**Data excerpt:**
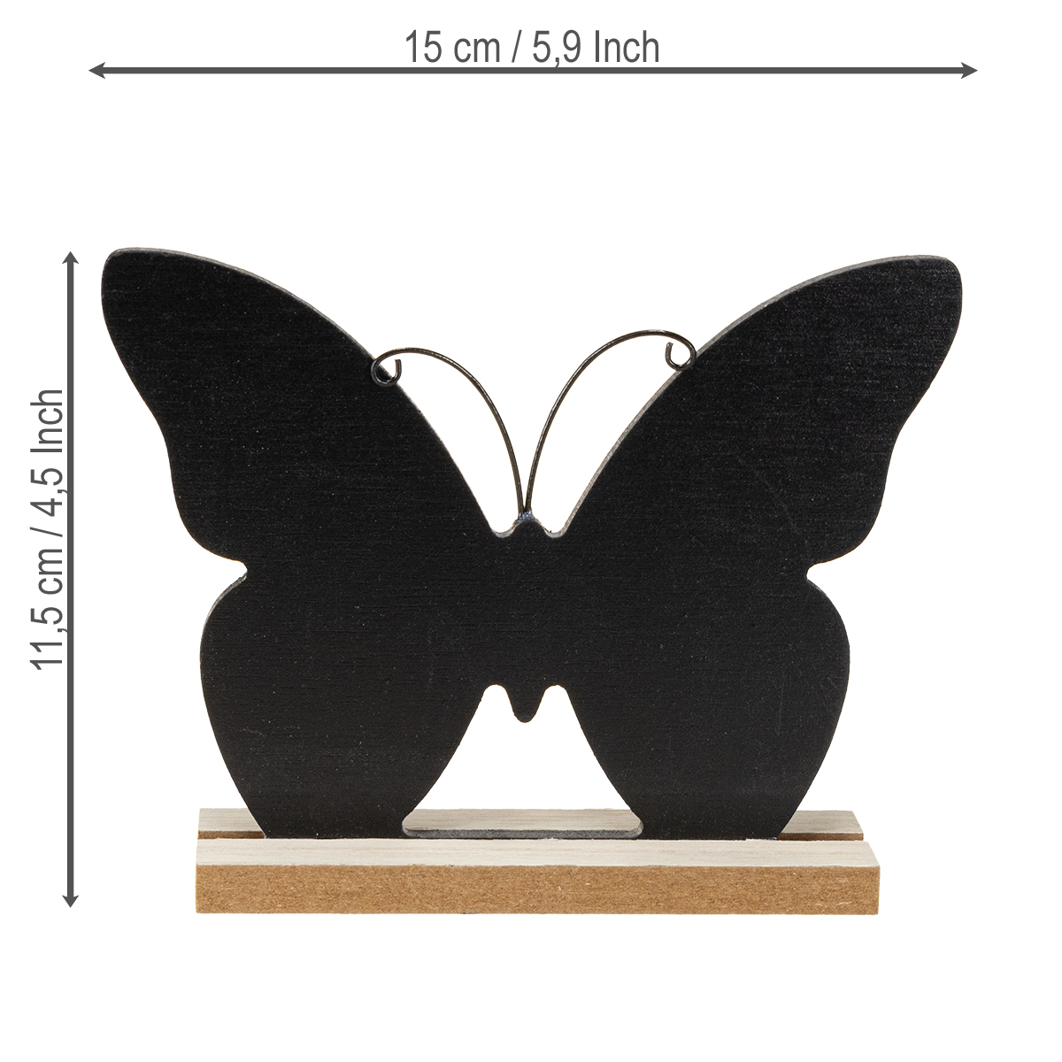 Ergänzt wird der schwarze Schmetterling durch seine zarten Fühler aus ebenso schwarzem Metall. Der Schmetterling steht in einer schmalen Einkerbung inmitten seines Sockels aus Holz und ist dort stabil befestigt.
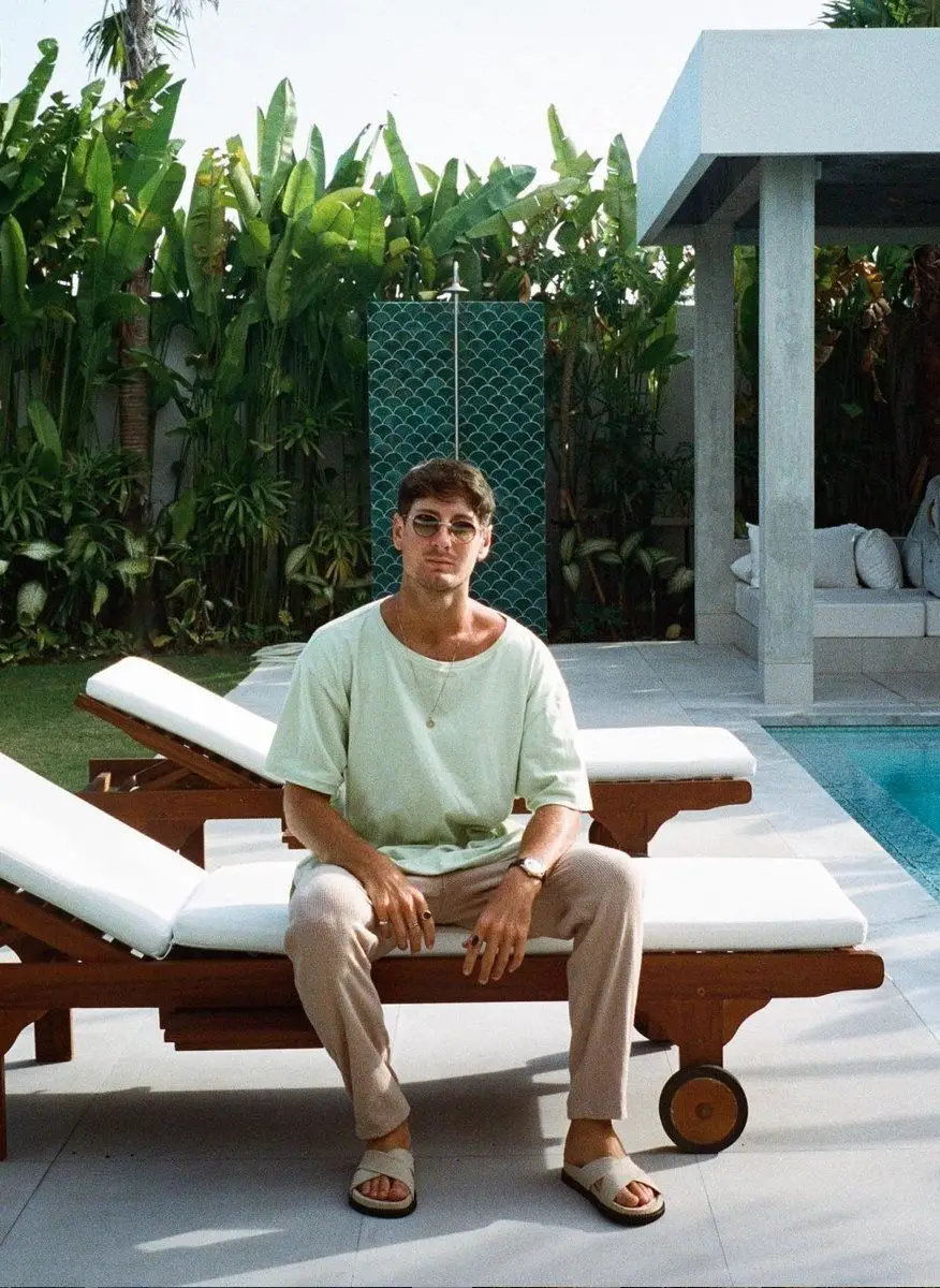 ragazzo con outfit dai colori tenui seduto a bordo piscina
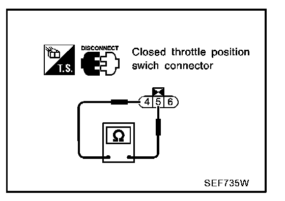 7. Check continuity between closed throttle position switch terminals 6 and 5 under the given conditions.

**Exercise:** Restate word for word each line from the top of the listing down to and including the line that holds "ragazzo con outfit". Drop any pictures.

**Answer for the task:**
 Ergänzt wird der schwarze Schmetterling durch seine zarten Fühler aus ebenso schwarzem Metall. Der Schmetterling steht in einer schmalen Einkerbung inmitten seines Sockels aus Holz und ist dort stabil befestigt.
 ragazzo con outfit dai colori tenui seduto a bordo piscina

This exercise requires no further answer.